The director of technology for Sandwich schools wants to be proactive with network security so that the Sandwich district does not fall prey to these hackers.

Bryce Harper described the attacks against school districts as ransomware attacks. In a school, the information a hacker could steal includes private information about students. While some of that information could be fairly innocuous, such as a students’ grades, the information could also include private files from a social worker or guidance counselor.

Additionally, parents and guardians of some children may not want certain people to even know where their child goes to school, such as in the case of an estranged family member who might be a danger to the child. In those cases, even identifying which school a child goes to is a risk.

At the Sandwich School Committee’s meeting on November 7, Mr. Harper showed board members newspaper articles about two districts that have had to pay hackers in order to protect their information.

In Leominster, the school district recently had to pay $10,000 to hackers, and in Atlanta, Georgia, the district had to pay $2.6 million.

“A lot of small, public entities have been targeted,” he said. “Hackers assume that they’re underfunded and not prepared.”

He said that one of the ways that he wants to help prevent these types of attacks is to strengthen the district’s wireless Internet security by restricting the access that people have to the network.

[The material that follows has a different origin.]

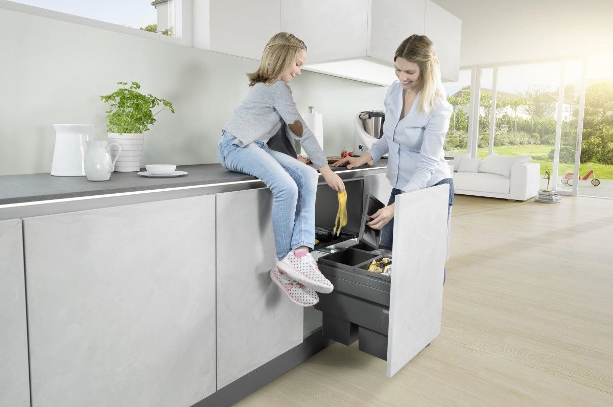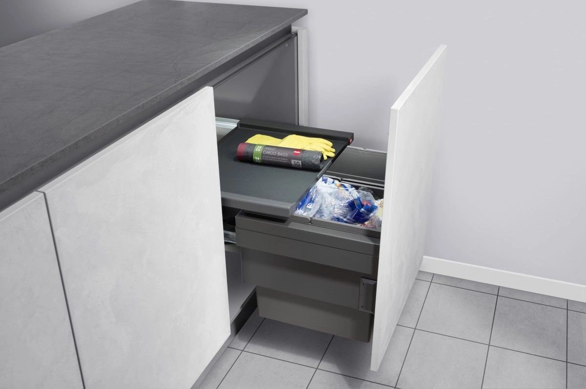 System wysuwa się całkowicie, dzięki czemu dostęp do obu koszy jest łatwy – bez potrzeby schylania się czy wyciągania jednego przed drugim.Idealny do sortowania odpadów
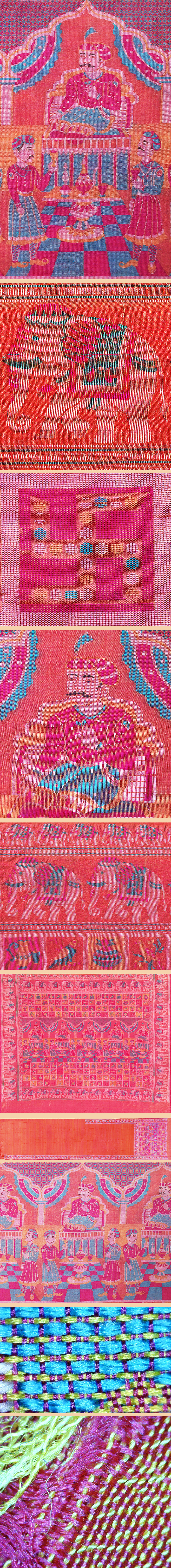 Antique Indian Costume. Silk Sari Brocade with Servant and King

Currently, the Internet in the schools is accessible to anyone who knows the password. The problem with this is that it makes the network vulnerable and can cause problems with too many people being connected to the network at once.

Mr. Harper said that on average, 42 percent of the devices connected to the school network are cellphones.

He said that while he knows that some teachers are using their phones as part of the teaching process, not all of those connected devices are being used for education of students.

When a device connects with a network, the network then connects the device with the Internet.

While having so many devices connected does not slow down the speed of the user’s Internet connection, it does make it difficult to maintain the ability to connect to the school’s network quickly or reliably.

If devices cannot connect reliably to the network, the network will not be able to connect those devices to the Internet.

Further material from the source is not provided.